Tatafu Toma Moeaki (born 1972) is a Tongan politician, former Cabinet Minister, and civil servant.

Moeaki joined the Tongan public service in 1995, working as head of Policy and Planning at the Ministry of Education and as Deputy Secretary for Foreign Affairs. In 2011 he worked as chief executive of the Ministry of Labour, Commerce and Industries. In 2013 he was appointed chief executive of the Ministry of Finance and National Planning. He resigned as chief executive in 2016 to take up a position for the Asian Development Bank.
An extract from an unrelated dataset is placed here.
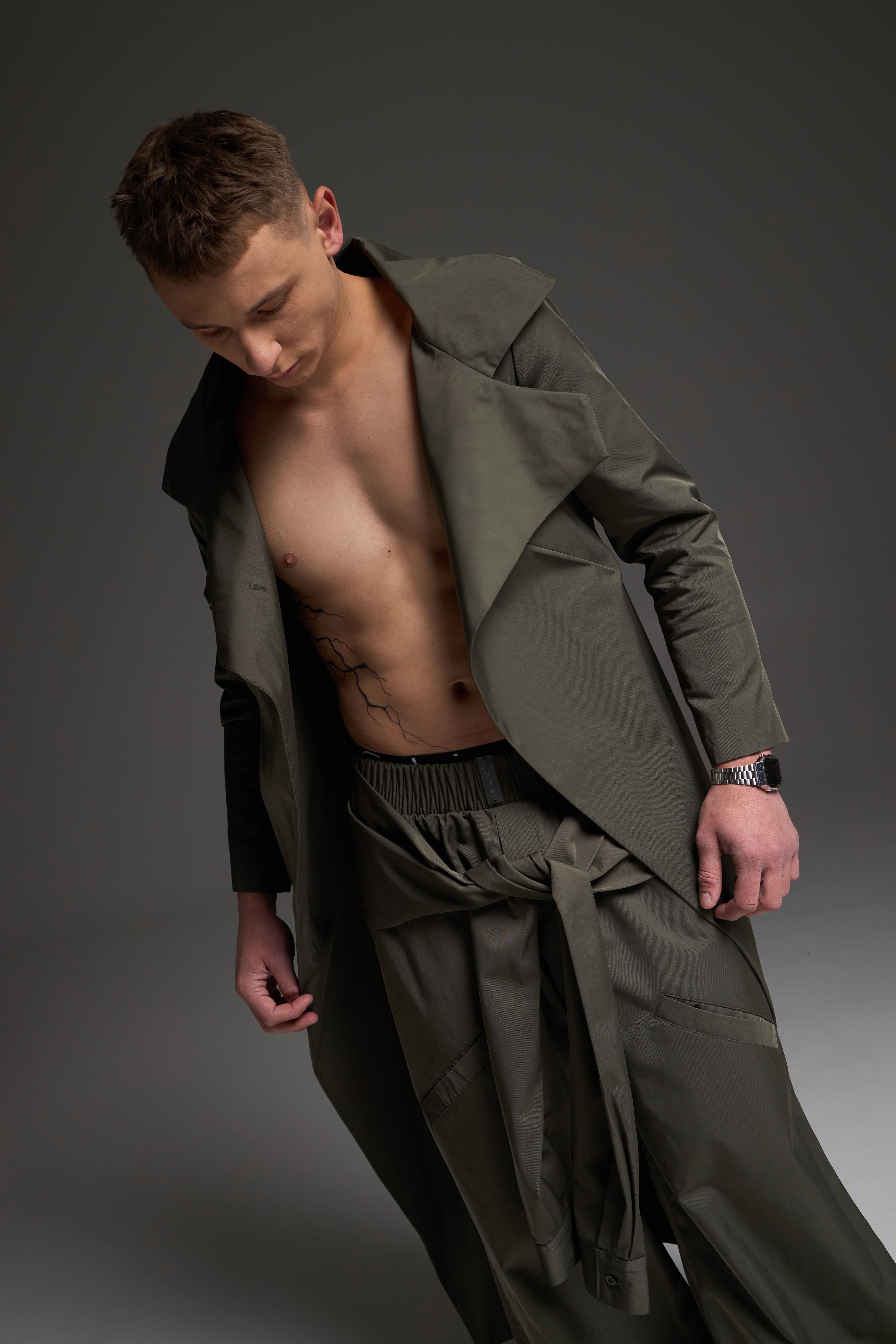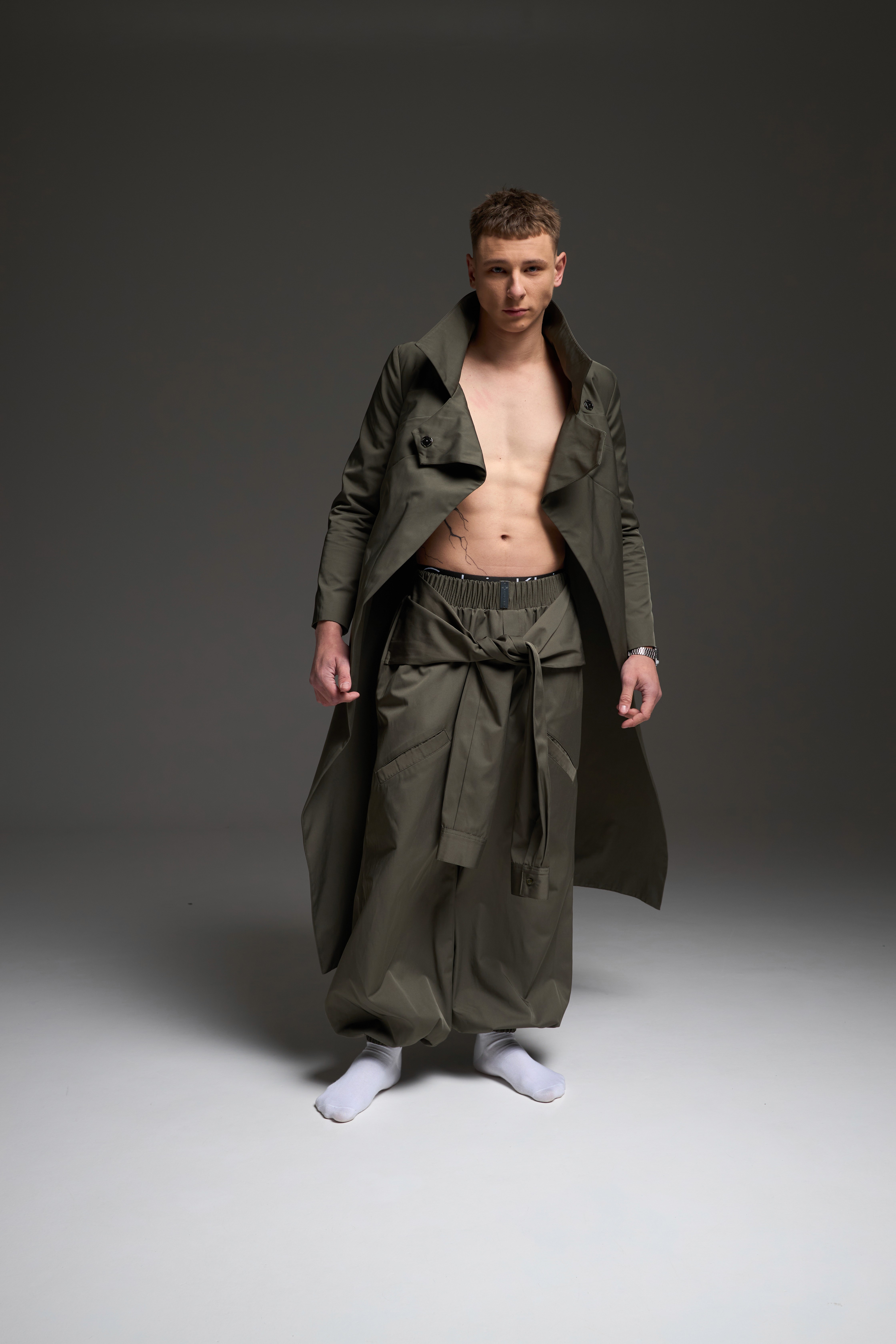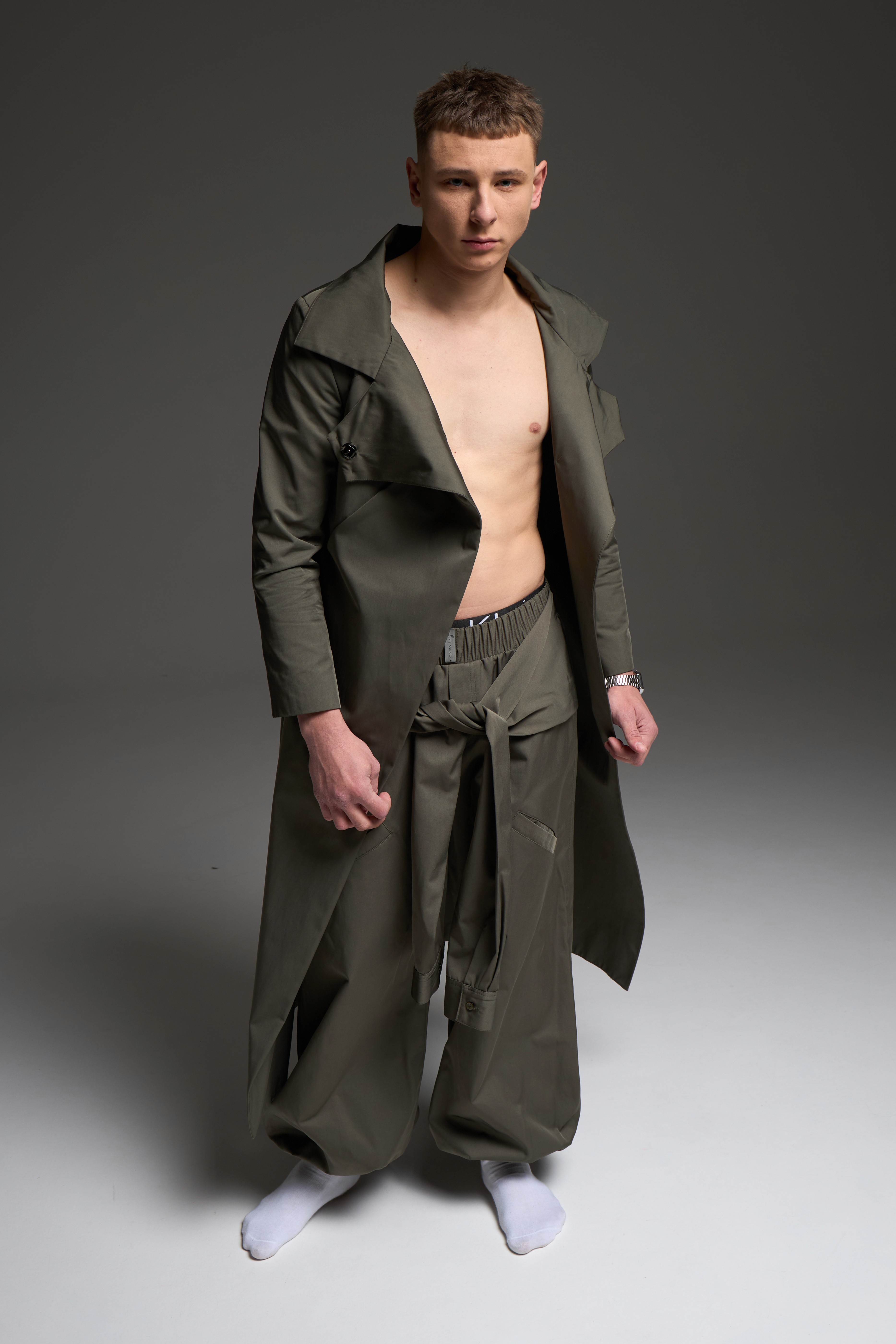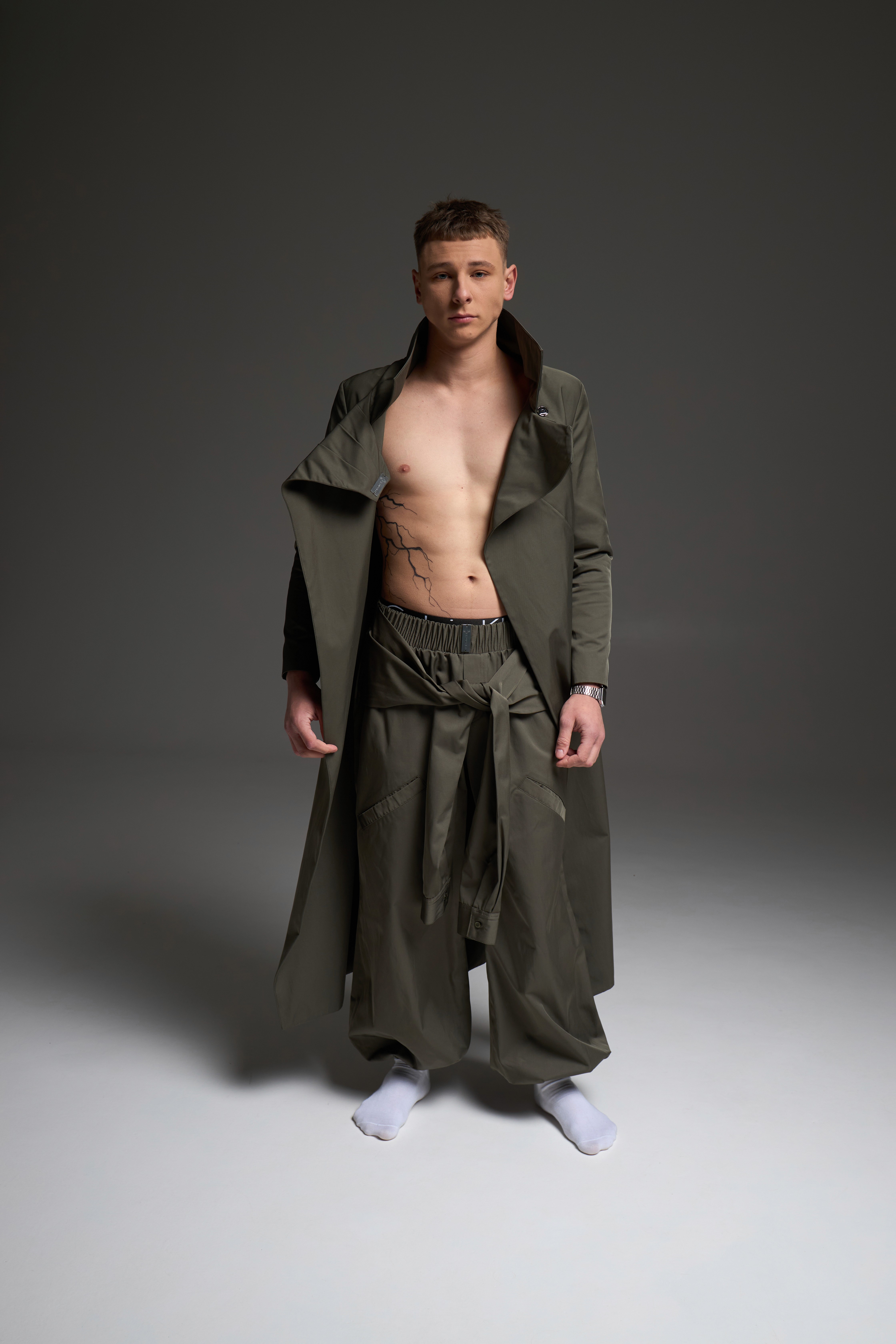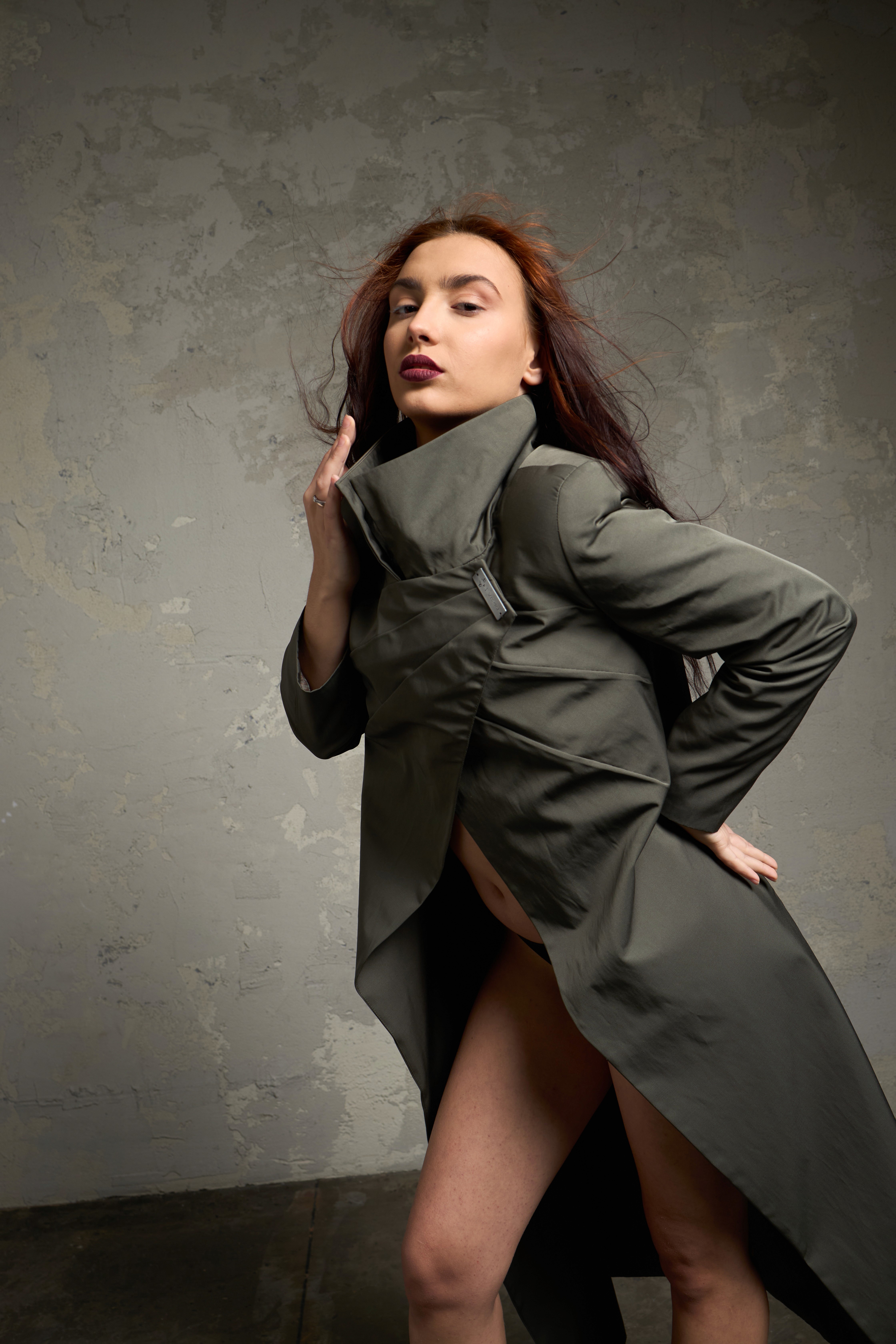 Architectural shell coat with a transformable high collar, water-repellent fabric and a clean silhouette that adapts from sharp to casual.

On 25 January 2021 he was appointed to Prime Minister Pohiva Tuʻiʻonetoa's Cabinet as Minister for Trade and Economic Development in the cabinet reshuffle following the resignation of Sione Vuna Fa'otusia.  After serving as a Minister he ran for the seat of Tongatapu 4 in the 2021 Tongan general election and was elected to the Legislative Assembly of Tonga. On 28 December 2021 he was appointed to the Cabinet of Siaosi Sovaleni as Minister of Finance and Minister of Revenue and Customs. On 6 May 2022 his election was voided after the Supreme Court found him guilty on two counts of bribery in an election petition. The conviction was stayed pending appeal on 26 May 2022. On 9 August 2022 his appeal was dismissed, and his election confirmed as void. He was formally unseated by Parliament on 10 August.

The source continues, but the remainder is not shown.